Combining the results from this and previous studies, a mechanistic model regarding the activation of MalT can be deduced (Fig. 6b). When no substrate is transported through the maltose transporter, a fraction of MalT protein is anchored to the membrane via interactions between its NBD and sensor domains and the MalK subunit of the transporter. In this conformation, the sensor domain of MalT could be stabilized by interacting with both NBD and MalK33, and the maltotriose-binding site may be inaccessible. Meanwhile, MalT can also be sequestered in the cytoplasm by cytosolic inhibitory proteins, such as MalY or Aes, which prevents its accidental activation by endogenously synthesized inducer. MalT binding by MalK, MalY, and Aes is not likely to occur simultaneously, since the repressions of MalT by MalK and Aes are both mediated through residue T38 from MalT (Supplementary Fig. 11)19,20. Moreover, MalK and Aes will clash with MalY if they bind MalT through this residue on NBD (Supplementary Fig. 11b, c). The independent function of repressor proteins could incorporate information from different signaling pathways, with MalT being a nexus that modulates the activity of the maltose system. When MalT is complexed with MalY, the oligomerization surfaces of NBD are both masked due to MalY sequestration and the autoinhibition mediated by the N-loop. Assuming the WHD of MalT and Apaf-1 moves similarly relative to NBD-HD during activation8, binding of maltotriose to the sensor and arm domains of MalT triggers conformational changes in the NOD that can allosterically disengage the inhibitory contacts (Supplementary Fig. 12), rendering MalT oligomerization-competent. This results in stabilization of the DNA-binding domains for cooperative interactions with the MalT-binding sites in the target promoters49. In this sense, the oligomerized MalT is like the Apaf-1 apoptosome and NLR inflammasomes that can recruit downstream signaling components, but different from plant NLR resistosomes that function as either channel, NADase or holoenzymes. The MalT-MalY complex structure here provides insights into the inhibition mechanism of a non-canonical STAND by a repressor protein, and sheds light on the mechanism whereby the activity of a STAND transcription factor is controlled.
Methods
Strain and plasmids
ED169 (MC4100 ΔmalB107)53 was used as the starting strain for constructing strain G (MC4100 ΔmalB107 trp::[Kanr-malEpΔ92-lac]op ΔmalT220 ΔcsgA::aadA7 Δaes (F+)) and strain H (strain G ΔmalY::Zeor) used for β-galactosidase assays. ΔmalB107 deletes most of the malK gene54. The transcriptional trp::[Kanr-malEpΔ92-lac]op fusion was brought into ED169 by P1 transduction from pop4146 (MC4100 aroB glpD ΔmalEpKp99::[Ptac-Pcon] trp::[Kanr-malEpΔ92-lac]op (F+)) (lab collection), generating strain A (ED169 trp::[Kanr-malEpΔ92-lac]op). csgA gene was deleted by P1 transduction from UGB935 (MG1655 ΔcsgA::aadA7) (obtained from C. Beloin, Institut Pasteur). The F factor was introduced into strain A for M13 phage infection by conjugation with pop7128 (MC4100 malTp10 (F+)) (lab collection). Deletions of malT, aes, and malY were carried out in a sequential order by allelic exchange using M13 bacteriophage derivatives as shuttles46, and the deletions were verified by PCR with primers flanking the deleted region.
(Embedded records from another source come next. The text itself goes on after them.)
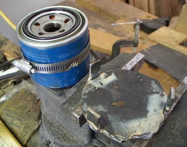 En este punto tres lengüetas de acero han sido soldadas en el disco. El primer par de lengüetas es las más difíciles de colocar y soldar. Más cosas pueden salir mal en ese momento. Antes de soldar la ficha segundo, realizar los ajustes finos necesarios en la posición del filtro con respecto al disco de acero. La foto muestra el filtro de la disco y las pestañas. Posición de la manguera de la abrazadera por lo que mantiene las pestañas en su sitio para la soldadura, pero ten cuidado que no soldar accidentalmente la abrazadera de la manguera a una ficha.
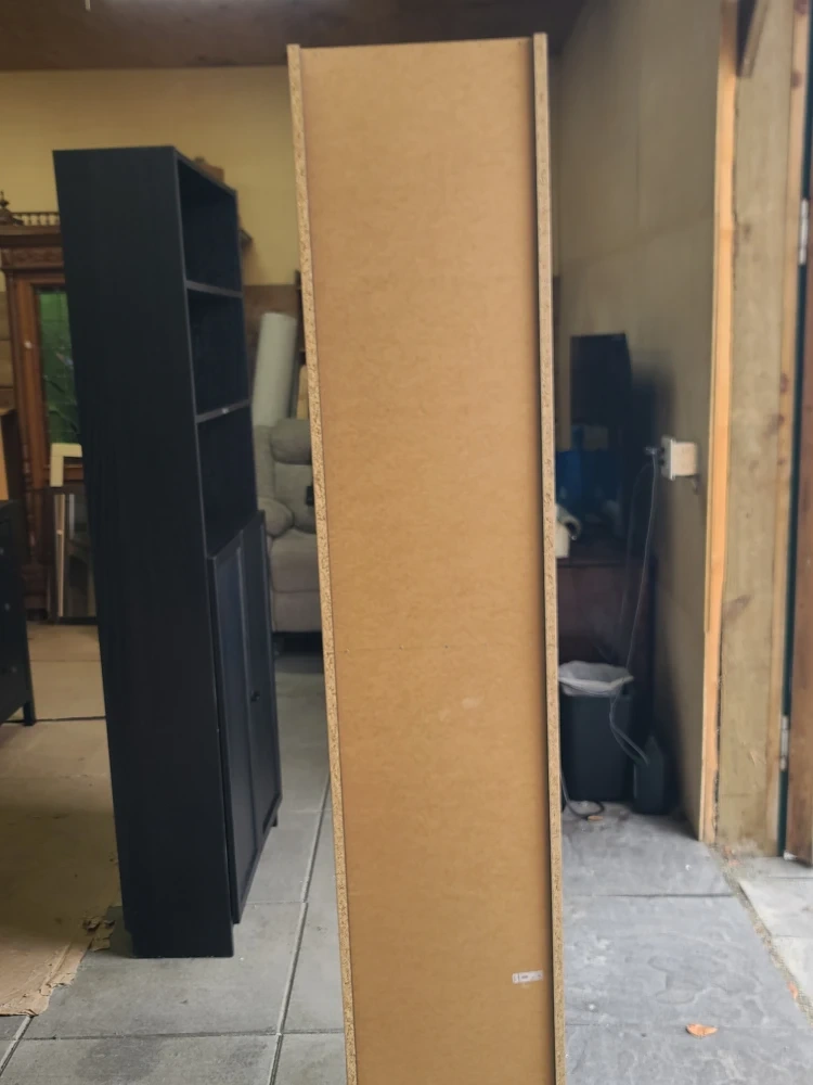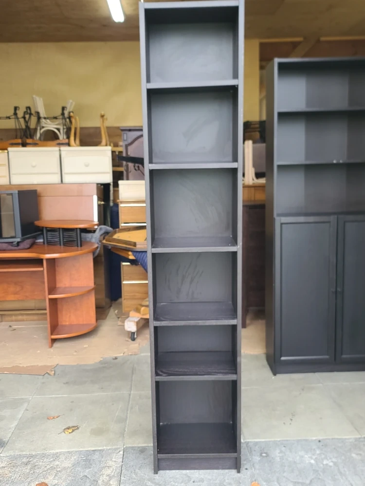 Black wooden bookshelf with 6 shelves. In good condition, minor scuffs on the shelves. Sturdy and stable. Measurements: 16" × 11" × 80". Delivery can be arranged. Viewing and pickup by appointment.
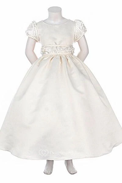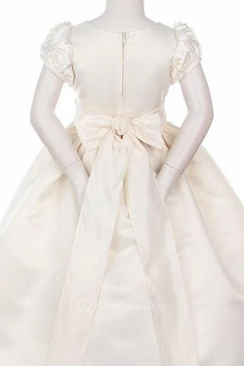 Tea-Length Split Cap-Sleeve Tiered Flower Girl Dress With Embroidery
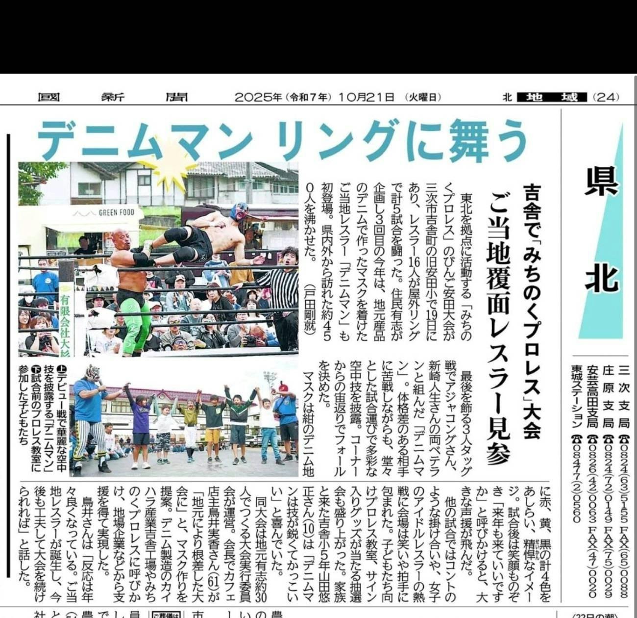 本日の中国新聞にみちのくプロレスびんご安田大会の掲載いただきました。

Phage M13mp11::ΔmalY::Zeor32 was used for deleting malY. The malT gene was deleted by using the M13Zeo2::ΔmalT220, constructed as follows. The fragment extending from positions -14 bp to +3100 bp relative to the malT transcription start site was amplified by PCR from BL21 (DE3) ΔmalT220 with the introduction of a HindIII site and a BglII site upstream and downstream of the homologous region, respectively. After restriction enzyme digestion, the resulting fragment was ligated between the HindIII and BamHI sites of the zeocin-resistant M13Zeo2 vector. M13Zeo2::Δaes used for the aes gene deletion was obtained in a similar way, except that the flanking regions of aes (−327 bp to +3 bp and +939 bp to +1269 bp, respectively) were amplified separately and co-ligated between the HindIII and BamHI sites of the M13Zeo2 vector.
pJM241 is a single-copy R1 runaway plasmid55. pJB215 is modified from pOM215, a pJM241 plasmid containing PKAB-TTCT-malT21. pJB215 bears a 57 bp insertion between codons S121 and P122 of the malT gene, which encodes a 2×HA tag for western blot detection. The tag is localized in a loop region of the NBD and does not interfere with MalT function based on our cryo-EM structure. pOM206 is a pET24a (+) (Merck-Millipore) derivative encoding an N-terminally His-tagged MalT25. Sequence of full-length malY was amplified from E. coli genomic DNA with the introduction of a Ndel site and a Xhol site at the 5’ and 3’ ends of the gene, respectively, digested by NdeI and XhoI and ligated between the corresponding sites of the pGEX-6P-1 vector. All the malT and malY variants used for recombinant protein expression in E. coli were derived from constructs containing the WT sequence by Q5 site-directed mutagenesis (NEB).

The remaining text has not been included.